ARC Setup Guide

ARC (Anthonian Runtime Configurator) creates a reliable, reproducible Python environment for the HLS for AI labs. It prefers conda and falls back to venv automatically.

Who is this for?

  • Students running labs on OSU Flip or Babylon.
  • Anyone on Linux who needs a clean, CPU‑only PyTorch stack with sensible toolchain checks.

What you’ll need

  • A Linux shell (Flip/Babylon, local Linux, or WSL - note ARC only supports Linux).
  • ~1.5 GB free disk space recommended.
  • Git installed to clone the repo.

Step 1 - Clone the Repository

Clone the environment setup repository from GitHub:

bash
git clone https://github.com/Anthonykung/hls-for-ai-lab1-env.git
cd hls-for-ai-lab1-env

This folder contains:

  • setup.sh - the ARC setup script
  • requirements.txt - additional Python dependencies for the labs
  • .gitignore - ignores environment and cache files

Step 2 - Run ARC (Quick Start)

bash
# from the repo root
bash setup.sh

ARC will:

  1. Detect conda → use it (or venv if conda is missing/broken).
  2. Create and activate the environment.
  3. Install CPU‑only torch, torchvision, torchaudio.
  4. Resolve and install requirements.txt without changing the torch stack.
  5. Print versions + a short cheat sheet.
  6. Save logs to install.log.

Step 3 - Choosing Your Environment Manager (Optional)
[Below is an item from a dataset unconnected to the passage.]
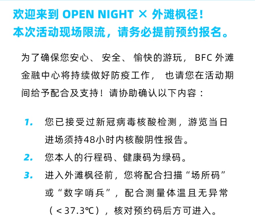 在防疫方面,BFC外滩金融中心严格遵守相关要求,市民需通过“BFC外滩金融中心”公众号成功预约后,在现场出示48小时内核酸阴性证明方可进入。

You can force the manager via flags or environment variable:

Flags

bash
bash setup.sh --conda             # prefer conda; fallback to venv if needed
bash setup.sh --venv              # force venv; skip conda attempts
bash setup.sh --conda --python 3.11
bash setup.sh --name arc_env      # set conda env name (default: arc_env)
bash setup.sh --venv --venv-dir .env   # set venv directory (default: .venv)

Environment variable

bash
ENV_MANAGER=conda bash setup.sh
ENV_MANAGER=venv  bash setup.sh

Step 4 - Verify the Installation

After setup, run the quick torch check appropriate to your manager.

If ARC used conda

bash
conda activate arc_env
python -c "import torch; print(torch.__version__); print(torch.cuda.is_available())"
conda deactivate

If ARC used venv

bash
source .venv/bin/activate
python -c "import torch; print(torch.__version__); print(torch.cuda.is_available())"
deactivate

You should see torch.cuda.is_available() print False (CPU‑only expected).

Step 5 - Daily Workflow

  1. Activate your env (conda activate arc_env or source .venv/bin/activate).
  2. Work on labs: notebooks, C/C++ builds as assigned.
  3. If something breaks, read install.log, then rerun ARC or recreate the env.

Step 6 - Common Tasks

  • Install an extra package (conda):
bash
conda activate arc_env
conda install <package>
  • Install an extra package (venv):
bash
source .venv/bin/activate
pip install <package>
  • Recreate from scratch:
bash
# conda
conda deactivate 2>/dev/null || true
conda remove -n arc_env --all -y
bash setup.sh --conda

# venv
deactivate 2>/dev/null || true
rm -rf .venv
bash setup.sh --venv

Troubleshooting

“Linux only” error → Use Flip/Babylon or a Linux host (WSL not supported by ARC).

python3-venv missing (venv path) → Install your distro’s venv package (e.g., sudo apt install python3-venv).

Conda exists but not initializedconda init bash then open a new shell; or run ARC with --venv.

Low disk space → Free space to at least ~1.5 GB.

pkg-config/pkgconf version complaint → On venv path ARC only verifies. Consider using the conda path so ARC installs modern toolchains in‑env.

CXXABI / libstdc++ import errors → Prefer conda path so modern C/C++ runtimes live inside the env.

Torch conflicts → ARC pins torch/vision/audio and constrains requirements.txt. If you changed them manually, rerun ARC.

Where are the logs?

  • install.log (latest)
  • install.log.1 (previous run)

Support

Having trouble? Include install.log when you ask for help.